Ce que vous aviez peut-être manqué : la consommation d’alcool faiblit depuis plusieurs décennies dans les pays les plus développés. Et cette tendance baissière devrait perdurer. Selon de récentes données de New Consumer, les Américains se préoccupent de plus en plus de leur santé et une majorité croissante des personnes sondées se disent prêtes à faire des sacrifices importants, parmi lesquels arrêter complètement de boire de l’alcool.
Jusqu’à présent, cette situation encourageait l’industrie des spiritueux à « principalement se concentrer sur la premiumisation avec des marques clés tout en pariant sur un faible taux d’alcool et sans alcool, par le biais de leurs propres marques ou acquisitions) », analyse DigitalFoodLab. « Seul ce dernier fonctionne raisonnablement bien, mais pas suffisamment pour compenser la diminution des volumes des dernières années. Ce n’est que grâce à des innovations beaucoup plus disruptives que les leaders du marché survivront dans les décennies à venir. »

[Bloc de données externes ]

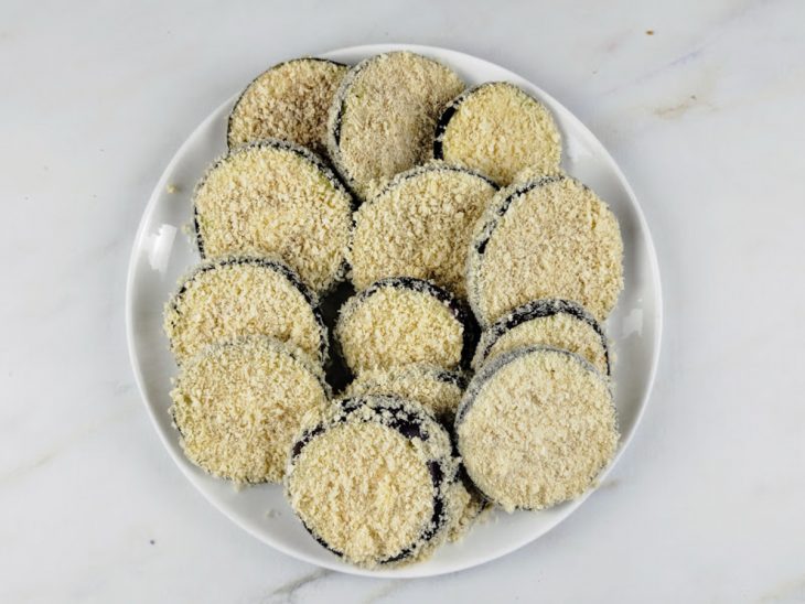 Finalize na farinha panko, pressionando levemente para garantir que tudo grude muito bem. Ela vai conferir uma crocância extra e uma textura leve ao empanado. Repita esse processo com todas as fatias de berinjela;

Ce qu’il faut lire entre les lignes : le cas qui nous occupe reflète la nécessité d’innover autour des marques, idéalement sur le long terme. Le triomphe commercial de Michelob Ultra n'est pas seulement un indicateur de performance produit et de pertinence pour capter la demande moderne, il reflète en quelque sorte une réhabilitation publique pour AB InBev.
Après les turbulences qu'a pu connaître sa marque phare Bud Light depuis 2023, sanctionnée par le public pour un marketing jugé déplacé et ainsi détrônée après des décennies de règne sur les ventes, voir une autre de ses marques historiques s'emparer de la première place démontre l'efficacité de son portefeuille diversifié (500+).
Avec un marketing moins perceptible chez nous que d’autres étiquettes d’AB InBev, Michelob Ultra semble avoir construit sa domination naissante au travers d’une innovation discrète et progressive. À noter à ce propos que sa version sans alcool, la Michelob Ultra Zero, s’est déjà imposée comme l’une des références du segment en seulement neuf mois.
Lors de la présentation de ses résultats périodiques fin juillet, le géant brassicole se félicitait d’occuper la place du leader des bières sans alcool sur le marché américain.
« Notre portefeuille affiche une hausse des volumes dans le haut de la fourchette entre 20% et 30%, et nous sommes en tête du secteur en termes d’innovation, Michelob Ultra Zero et Busch Light Apple étant à ce jour les deux meilleures nouveautés réalisées cette année dans le secteur ».